Nvidia's ray tracing and path tracing demo's (like Design Garage that came with Fermi) are calculating the GI solution in real-time, i.e. nothing is precomputed, and GPUs are still not powerful enough to render noiseless path traced GI in real-time.

The GI in the Ruby demo was precomputed (see this article at TechCrunch: http://techcrunch.com/2008/08/20/the-truth-behind-liveplaces-photo-realistic-3d-world-and-otoys-rendering-engine/ there is a bunch of other info about the demo as well), so this explains why it could be rendered at such quality in real-time. The raytracing is only used for determining which voxel should be displayed at a given pixel (raycasting) and for some of the reflections in the windows.

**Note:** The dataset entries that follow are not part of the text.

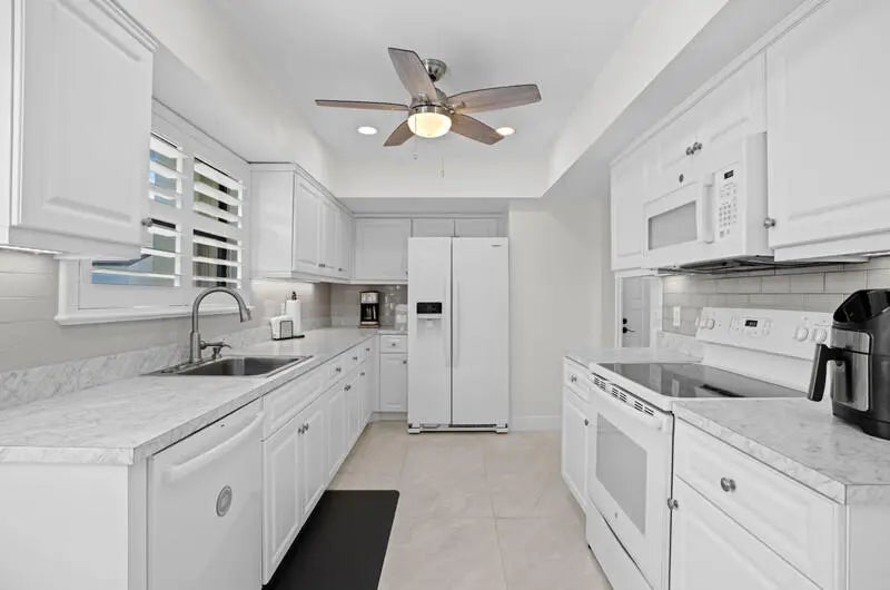 Move Right In! Beautifully Updated 2-Bedroom Condo with Golf Course Views Step into this impeccably maintained second-floor, split-bedroom condo offering stunning golf course views and breathtaking sunsets. Features a modern kitchen, tile flooring throughout. This home offers abundant storage and convenience. Enjoy peace of mind with accordion hurricane shutters, a 2017 A/C, and roof maintenance covered by the HOA replaced in 2023, outside of condos were repainted in 2024 and parking repave in 2025. Nestled in a vibrant 55+ community, this low-maintenance gem is ideally located near I-95, the Turnpike, top shopping, dining, and golf. Whether you're looking for a serene retreat or a social lifestyle, this condo offers the perfect blend of tranquility and convenience. Don't miss your chance to enjoy easy living in a welcoming, friendly communityschedule your showing today!
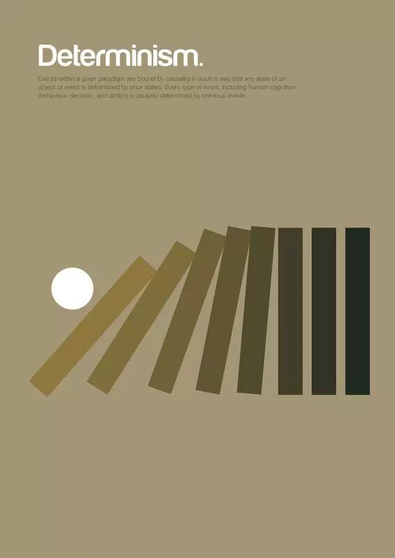 认为每个事件的发生,包括人类的认知,举止决定和行动,都是因为先前的事而有原因地发生。从原始宇宙开始,一连串的时间注定地,从未中断地发生,自由意志是不可能的。(电影《云图》,该电影中的世界是决定论的,不存在自由意志的)。从来就没有孤立的事件,每一个都是前因,也是后果。
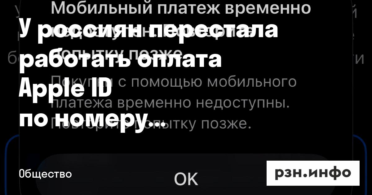 У россиян перестала работать оплата Apple ID по номеру телефона. В этом 1 апреля убедился корреспондент РЗН. инфо.
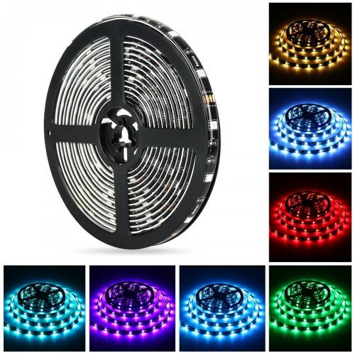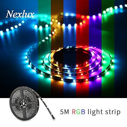 16.4ft LED light strip, Nexlux Waterproof 5050 SMD Single RGB LED Flexible Strip Light Black PCB Board Color Changing Decoration Lighting (No power adapter and remote ) $4.20
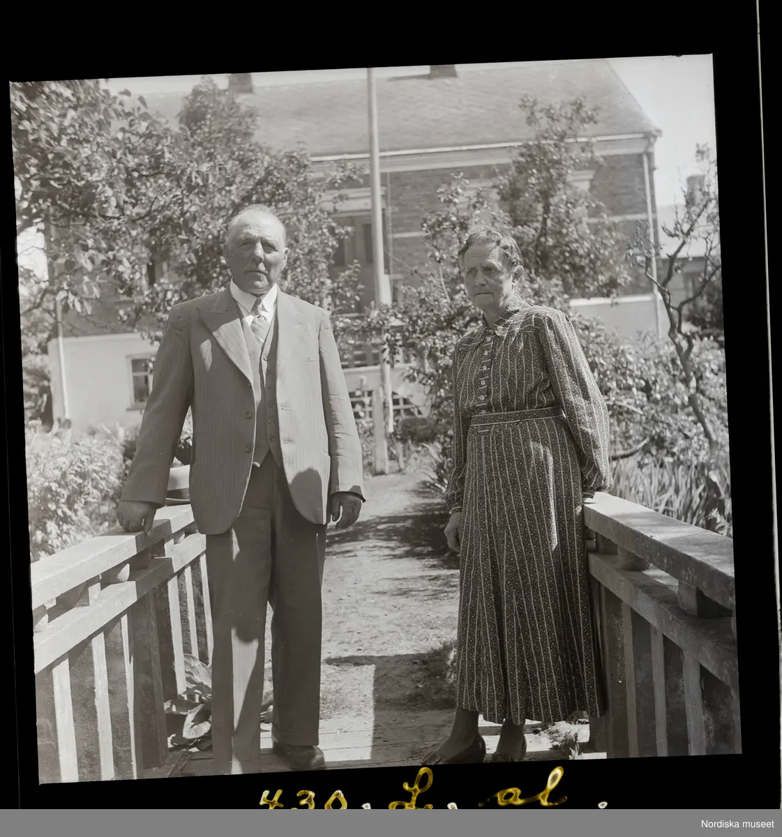 Text på montering i arkivet: Fiskaren Anders Petter Persson och hans hustru i trädgården.
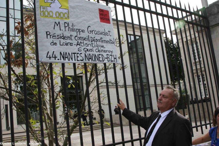 - La Breizh Manif 2016 : devant le CG44, l'enveloppe (voir photo suivante) attire les regards.
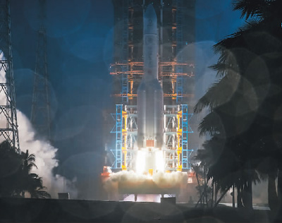 5月3日,嫦娥六号探测器由长征五号遥八运载火箭在中国文昌航天发射场发射,之后准确进入地月转移轨道,发射任务取得圆满成功。国家航天局供图(新华社发)
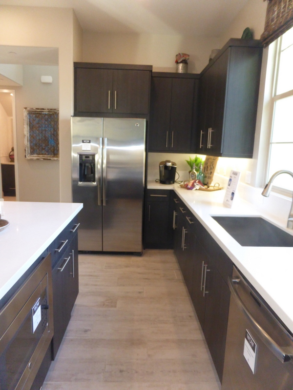 If you walk straight through the foyer, you come to the great room and kitchen. The great room is 17′ x 15′ and is shown with upgraded flooring. Windows face the back and sliders on the side lead to a covered patio. The room is furnished somewhat awkwardly, making it seem more cramped than it really is.
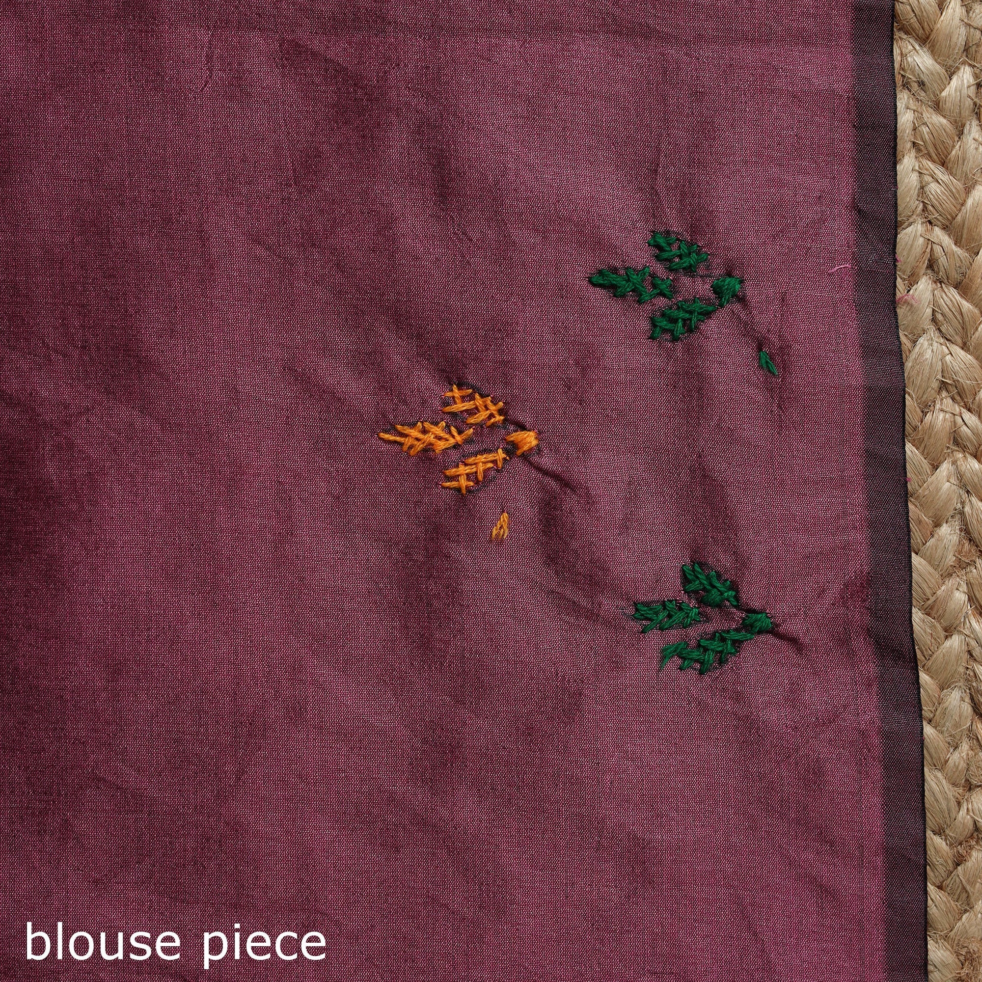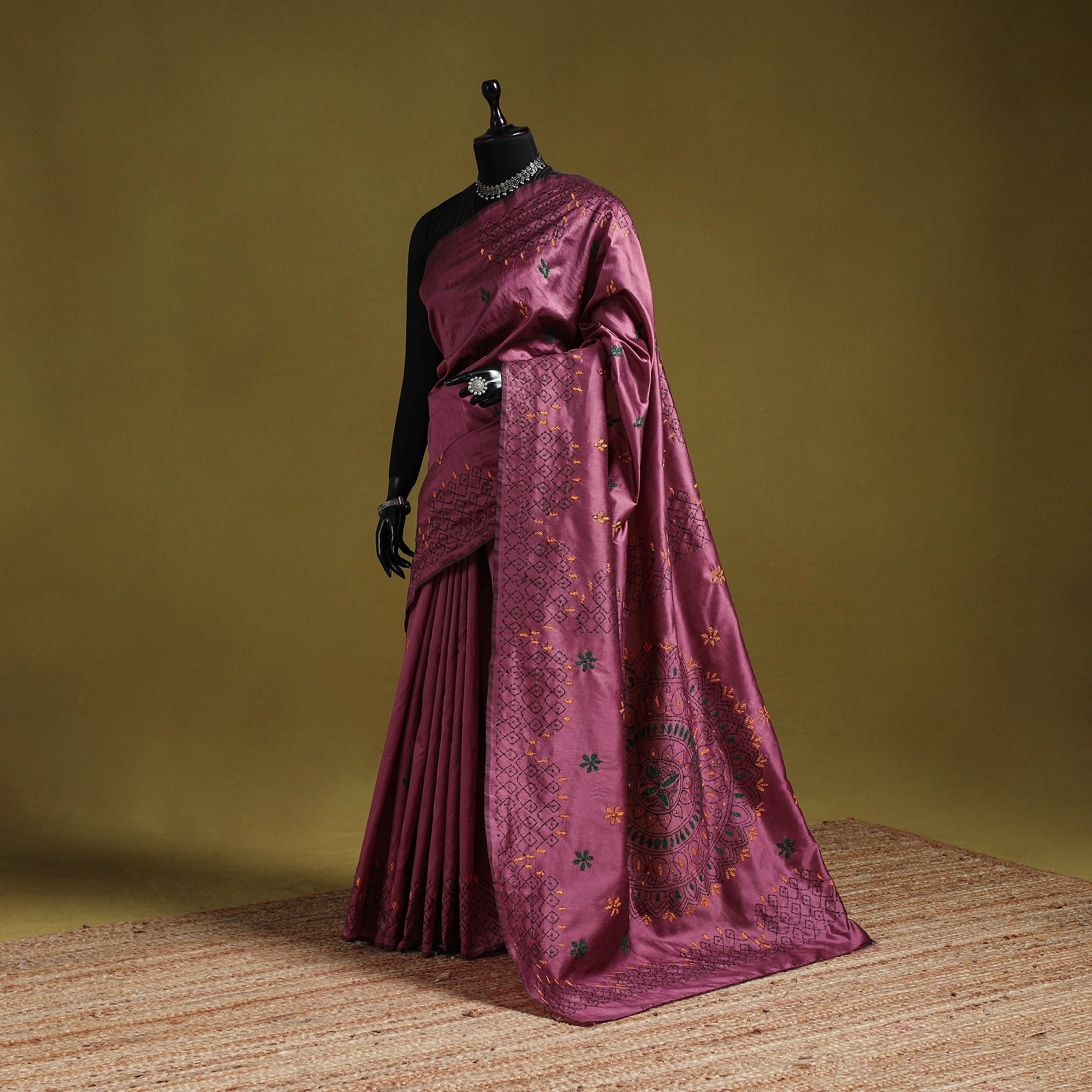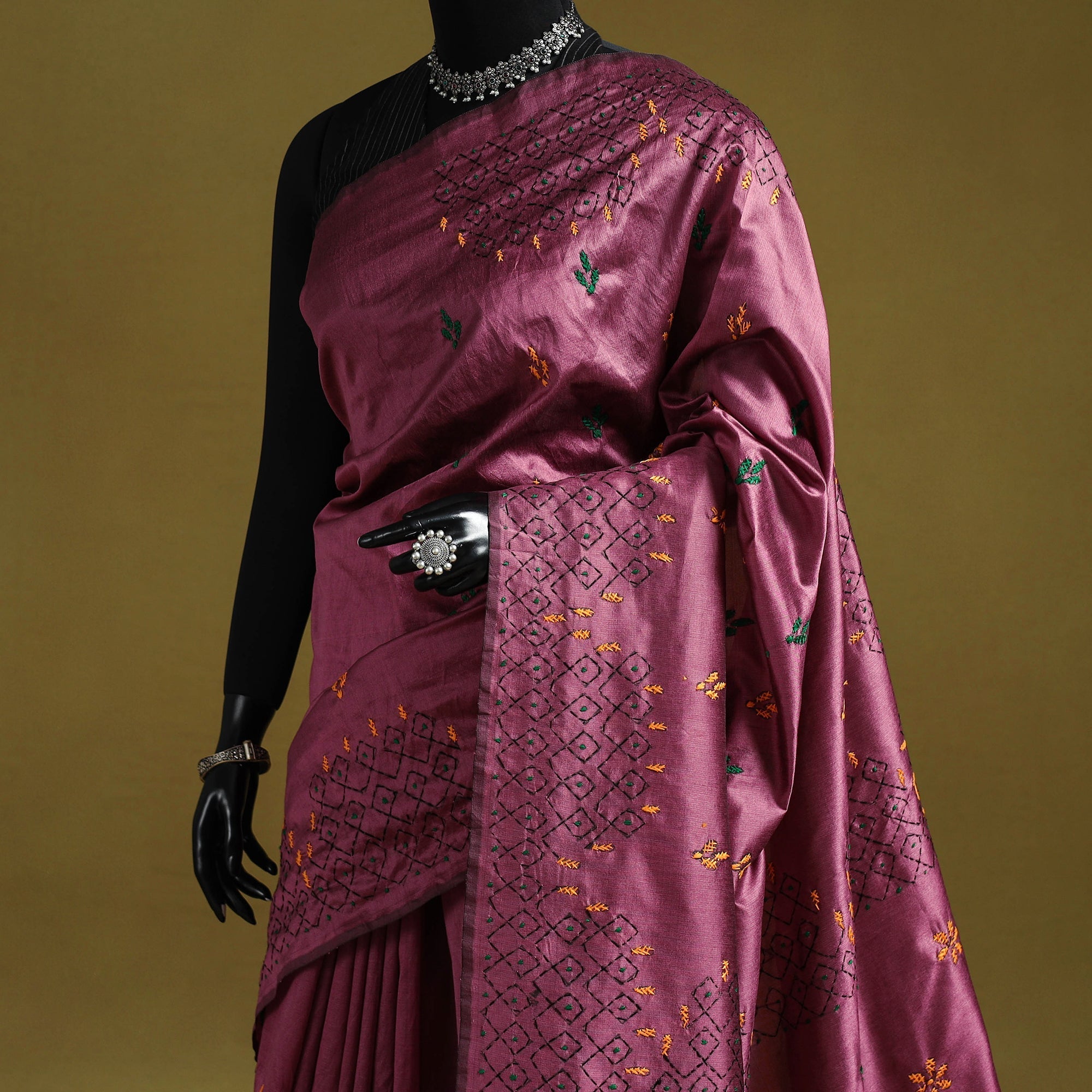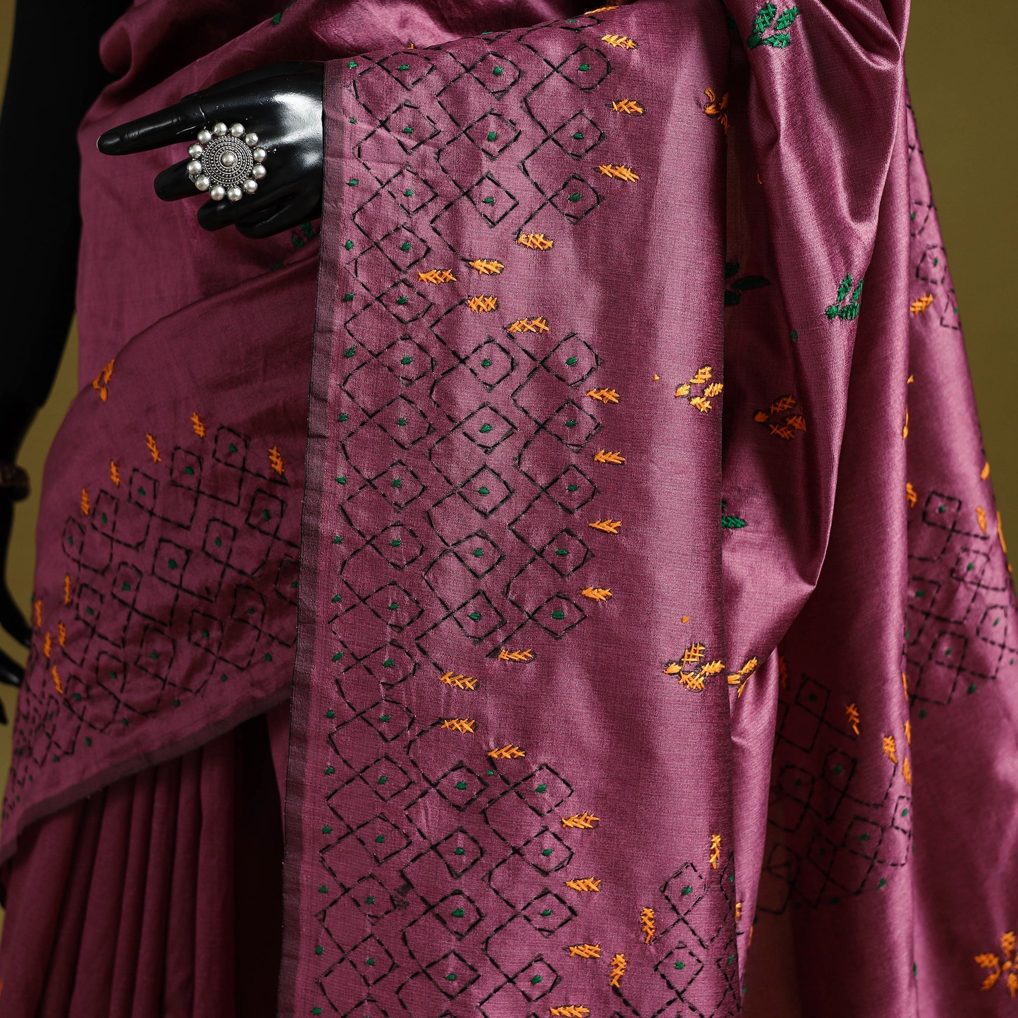 Purple kantha work art silk saree is a beautiful piece of Bengal’s tradition, hand-embroidered with detailed nakshi kantha motifs inspired by nature and daily life. Made by skilled rural artisans, it blends elegance, comfort, and culture in every stitch. Light in weight and easy to drape, it is perfect for festive occasions, cultural gatherings, or everyday wear.

The reason why the demo was not released to the public is unclear to me. I've talked to Jules myself last year and I remember it had something to do with the code running into trouble with AMD CAL (AMD's own GPGPU API before OpenCL was introduced), which doesn't surprise me if you read the harsh criticism of Vlado (from Chaos Group) and Dade (from LuxRender) on the lamentable state of AMD's OpenCL implementation: it's "buggy, crashes all the time and refuses to compile" In short, it's a OpenCLusterfuck :-)

Anonymous said...

Haaah! OTOY is now using CUDA!
Normal, considering the crappy state of ATI's OpenCL implementation.

Sam Lapere said...

Yeah exactly. ATI is screwing up big time in GPU computing, that's why they never talk about it and put all emphasis on games.